Work instructions:
Retype the records below from their first line through the line holding "ĵ | Жь жь | ||", including both ends and no pictures.

Data for review:
== Segment start ==
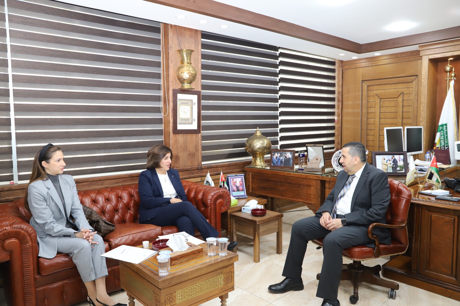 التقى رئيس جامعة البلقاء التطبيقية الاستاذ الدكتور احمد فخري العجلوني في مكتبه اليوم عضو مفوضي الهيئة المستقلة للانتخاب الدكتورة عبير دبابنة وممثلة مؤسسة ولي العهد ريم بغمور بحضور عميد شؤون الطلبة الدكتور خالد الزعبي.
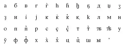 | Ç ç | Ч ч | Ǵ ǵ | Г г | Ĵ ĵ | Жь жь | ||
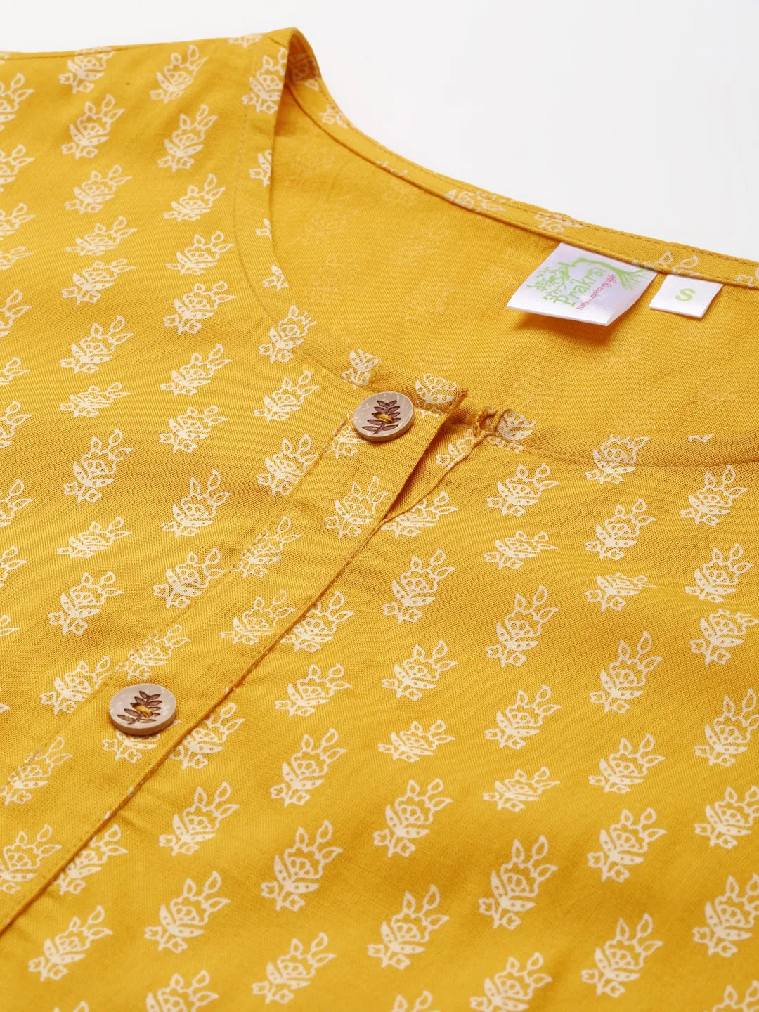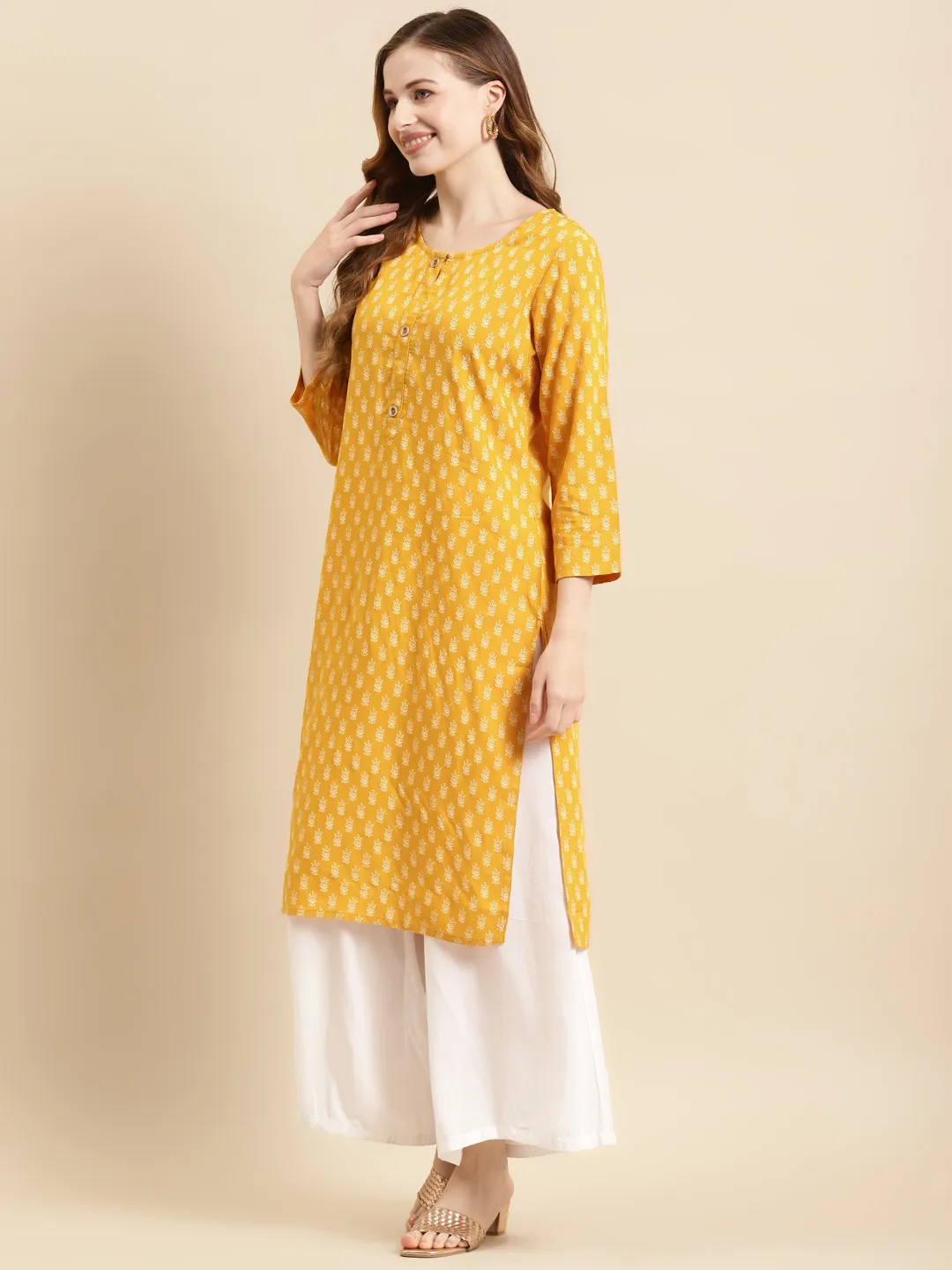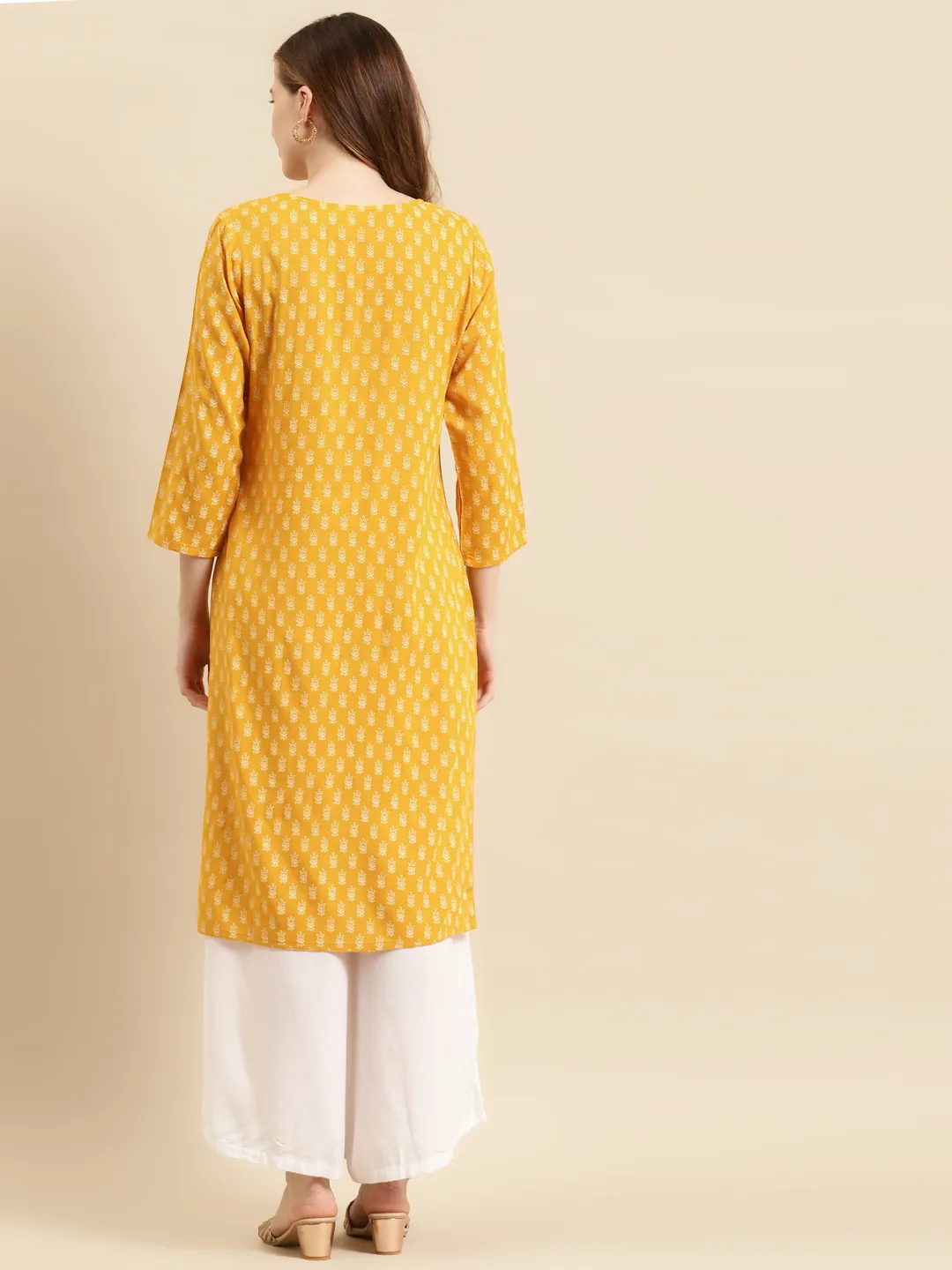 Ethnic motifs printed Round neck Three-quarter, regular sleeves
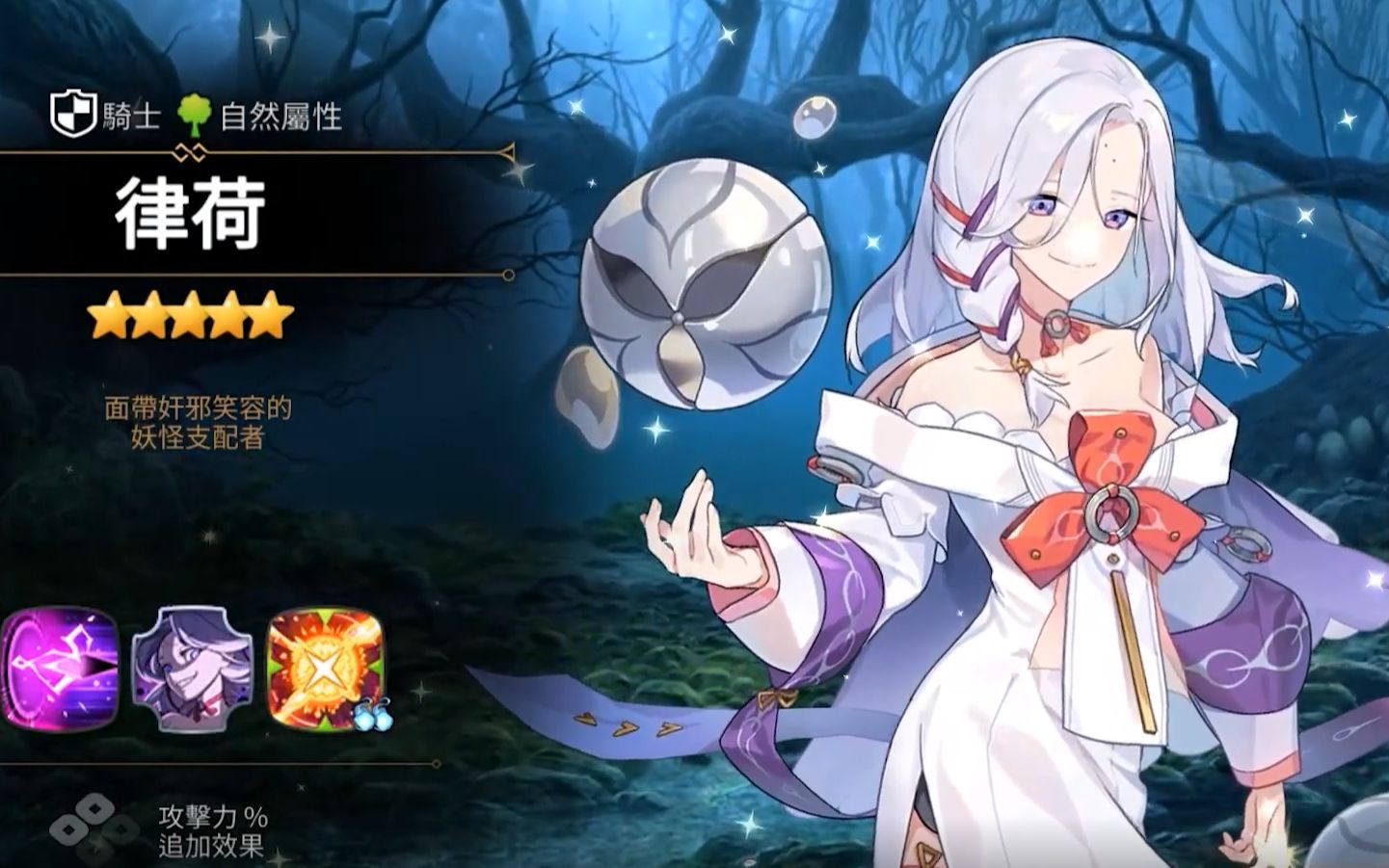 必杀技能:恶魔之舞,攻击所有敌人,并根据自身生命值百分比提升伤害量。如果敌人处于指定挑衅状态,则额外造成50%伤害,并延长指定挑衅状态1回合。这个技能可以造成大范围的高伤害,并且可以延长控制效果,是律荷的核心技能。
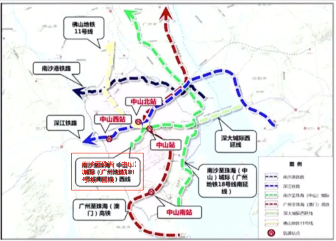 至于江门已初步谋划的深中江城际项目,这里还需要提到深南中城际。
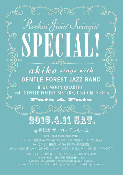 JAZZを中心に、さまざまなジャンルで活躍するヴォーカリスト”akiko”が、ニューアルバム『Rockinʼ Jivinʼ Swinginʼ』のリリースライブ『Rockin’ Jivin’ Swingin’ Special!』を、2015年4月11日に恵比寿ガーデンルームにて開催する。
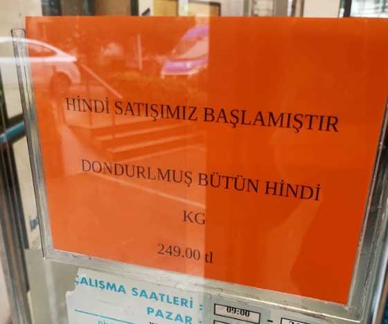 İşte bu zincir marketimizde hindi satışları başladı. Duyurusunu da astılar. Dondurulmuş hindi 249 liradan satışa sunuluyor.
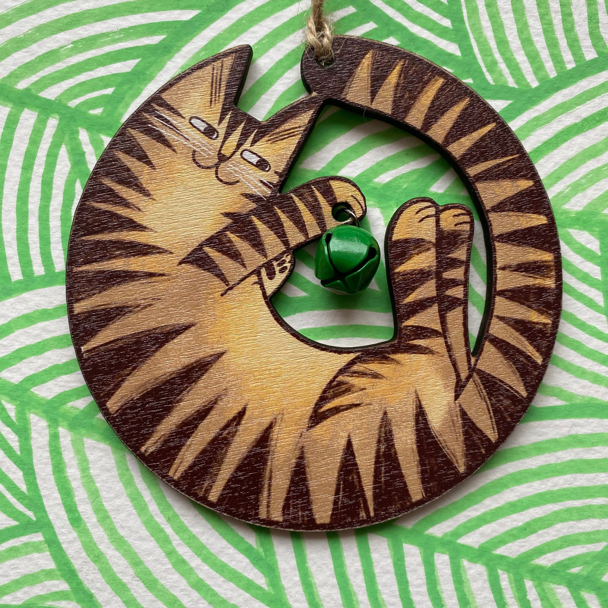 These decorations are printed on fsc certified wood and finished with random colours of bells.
== Segment end ==
Final answer:
 التقى رئيس جامعة البلقاء التطبيقية الاستاذ الدكتور احمد فخري العجلوني في مكتبه اليوم عضو مفوضي الهيئة المستقلة للانتخاب الدكتورة عبير دبابنة وممثلة مؤسسة ولي العهد ريم بغمور بحضور عميد شؤون الطلبة الدكتور خالد الزعبي.
 | Ç ç | Ч ч | Ǵ ǵ | Г г | Ĵ ĵ | Жь жь | ||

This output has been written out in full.